Play written by Lonne Elder III

Splendid Mummer is a play by American playwright Lonne Elder III. It is a two act fictional monodrama based on the life of African American Shakespearean tragedian Ira Frederick Aldridge.

== Plot ==
The play explores the extraordinary life of Ira Frederick Aldridge (1807—1867), the first African American actor to achieve international success as a Shakespearean tragedian. The narrative spans from Aldridge's upbringing in New York City, the racial prejudice that prompted him to emigrate to England in 1824, and his ultimate rise to fame as he toured across Great Britain and continental Europe; earning critical acclaim and high honors for his powerful portrayals of Othello, Aaron the Moor, Macbeth, Shylock, and King Lear.

== Production history ==
Splendid Mummer was first performed in 1985 at a developmental workshop at the Southern Illinois University Edwardsville in St. Louis, Missouri. Brought to the campus by the Negro Ensemble Company's Fall tour, the one-night performance featured Robert Hooks as Aldridge and was directed by Adolph Caesar.

The play officially premiered Off Broadway April 24, 1988 at the American Place Theatre in New York City. It starred Charles S. Dutton and was directed by Woodie King Jr., designed as a limited-run that played a total of 17 performances (including previews). Mel Gussow reviewer for The New York Times wrote "Although Mr. Dutton is the only performer on stage [...] he populates the drama with his own commanding talent." After the initial run in New York, Dutton and the production moved to the Arena Stage in Washington, D.C., for another limited engagement.

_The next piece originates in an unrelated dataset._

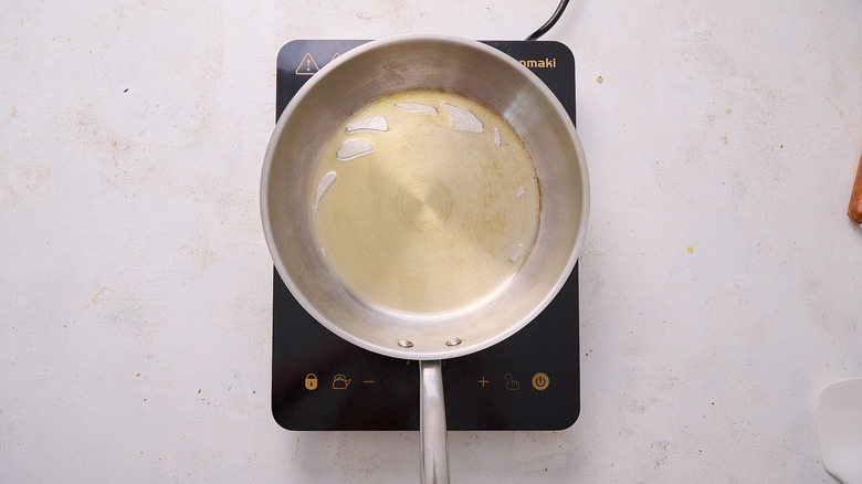 - In the meantime, prepare the filling. Heat the oil in a skillet over medium heat.

A production of the play, directed by Anton Phillips and starring Malcom Frederick, was revived at the Fusion Festival in Amsterdam in 1991, before traveling to the King's Head Theatre in London, thereafter followed by a broader tour of the UK.

In 2007, Splendid Mummer returned to London for a revival at the Old Vic Theatre during the Edinburgh International Festival.